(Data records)
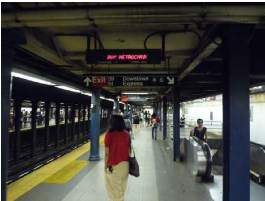
Figure 2. Signalétique dans la station de la 59 e rue à New York

Il est clairement mentionné que le quai au premier plan permet d'accéder aux rames de la ligne 6, express vers downtown , alors que l'accès aux rames des lignes 4 et 5 s'effectue au niveau inférieur accessible par l'escalator situé à l'arrière-plan à droite. La sortie est également clairement mentionnée.
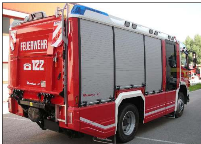
Fahrgestell: Mercedes 1226 AF Abnahme: 19.07.2013 bei der Fa. Rosenbauer
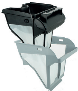
Duale Filterfähigkeit Mogućnost dvostruke filtracije (150/60 µ)
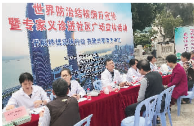
专家进社区开展义诊活动,为广大患者送去贴心服务。

促进”系列宣传活动。红十字、爱国卫生、健康教育宣传、家庭医生签约、计生协儿童早期发展、青春健康知识宣传、
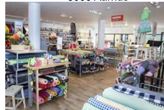
Stof 2000 J. M. Mørks Gade 1, 8000 Aarhus
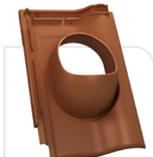
P18-12 ROBEN / monza plus
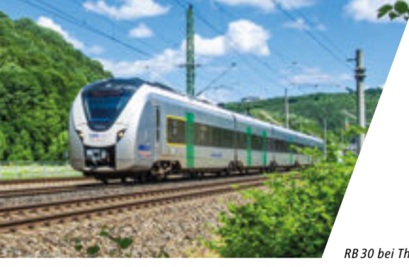
RB 30 bei Tharandt

Wir möchten Ihnen die Nutzung des öffentlichen Verkehrs so einfach wie möglich gestalten und verbessern die Anschlüsse zwischen Bus und Bahn, sorgen für ein einheitliches Tarifsystem, verständliche Informationen und kundenfreundlichen Service.
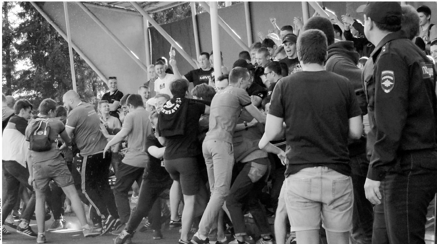
Болельщики футбольного клуба «Орёл» на стадионе «Олимпия» в Болхове

Но члены КДК не поверили представителям «Орла» и, ссылаясь на рапорты арбитров, свидетельства очевидцев, фото и видеозаписи, пришли к выводу, что выбежавшие
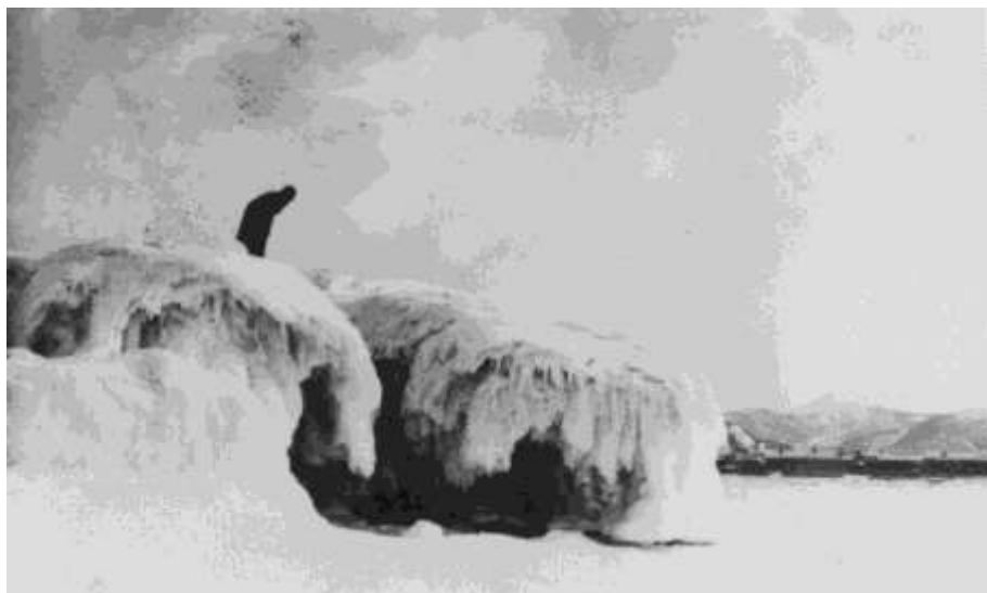
Ledovce na jezeře Bajkal
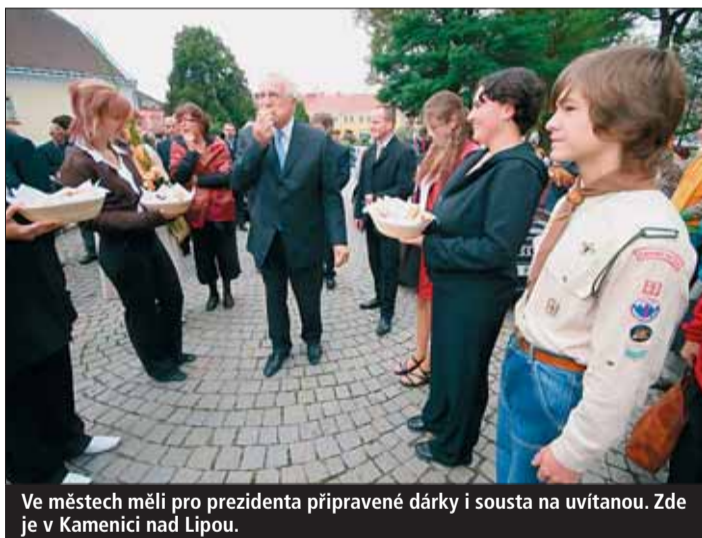
Ve městech měli pro prezidenta připravené dárky i sousta na uvítanou. Zde je v Kamenici nad Lipou.
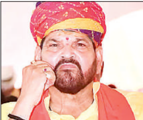
सांसद बृजभूषण शरण सिंह।

अमृत विचार: 34 वर्ष की राजनीति में कई झटके पर बुलंदियों की सीढ़ी चढ़ने वाले बृजभूषण शरण सिंह को आखिर कहाँ से मिलती है इतनी ऊर्जा? हर व्यक्ति जानने की कोशिश कर रहा है। उतार-चढ़ाव, विरोधियों से टकराव तथा किसी आफत से निपटने की कला ही बृजभूषण शरण सिंह को देवीपाटन मंडल का सूरमा बनाती है। भाजपा 34 वर्ष की राजनीति में 29 साल भाजपा की डोर ही पकड़ कर चलने वाले बृजभूषण शरण सिंह के टिकट कटने या मिलने के कयास लगाए जा रहे हैं। कोई विकास का दुष्मन कहता है तो कोई उन्हें युवाओं का
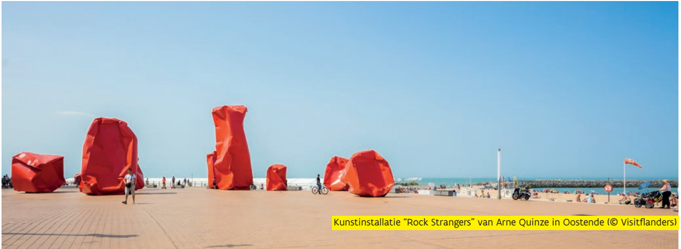
Kunstinstallatie "Rock Strangers" van Arne Quinze in Oostende
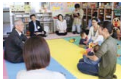
柿崎子育てひろば
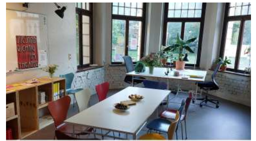
Projektbüro im Erkerzimmer

Die Fertigstellung des Umbaus und der Sanierungsmaßnahmen ist für Ende 2026 geplant.
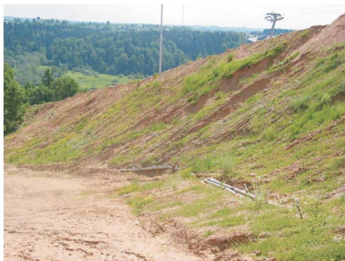
До начала строительства
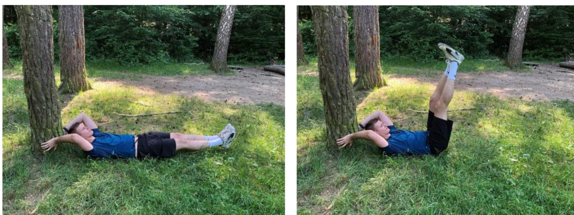
Obrázek 12. Přednožování v lehu

Výchozí polohou je leh, rukama se chytíme za hlavou stromu (Obrázek 12). Po zahájení cviku zvedáme propnuté nohy nahoru do pravého úhlu s trupem. Potom nohy opět pokládáme směrem zemi tak, aby zůstali asi 15 cm nad povrchem. Cvik stejným způsobem opakujeme. Je důležité, aby po čas cvičení zůstala bedra v kontaktu se zemí. To můžeme zajistit lehkým přizvednutím hlavy.
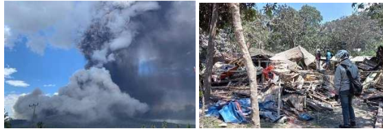
Gambar 4. Fenomena Gunung Lewotobi Meletus di Flores, NTT

Dengan adanya pengalaman yang terjadi berdasarkan beberapa bencana yang dihadapi, Masyarakat diketahui kurang memiliki pemahaman yang baik mengenai resiko hingga cara mitigasi bencana alam tersebut. Beberapa contoh kurangnya pemahaman Masyarakat dapat dilihat dari bidang konstruksi, bidang transportasi dan bidang manajemen biaya.

About this task:
For the entries above, print exactly the lines between the one with "Болельщики футбольного клуба" and the one with "सांसद बृजभूषण शरण सिंह।", inclusive, with no pictures.

Answer box:
Болельщики футбольного клуба «Орёл» на стадионе «Олимпия» в Болхове

Но члены КДК не поверили представителям «Орла» и, ссылаясь на рапорты арбитров, свидетельства очевидцев, фото и видеозаписи, пришли к выводу, что выбежавшие
Ledovce na jezeře Bajkal
Ve městech měli pro prezidenta připravené dárky i sousta na uvítanou. Zde je v Kamenici nad Lipou.
सांसद बृजभूषण शरण सिंह।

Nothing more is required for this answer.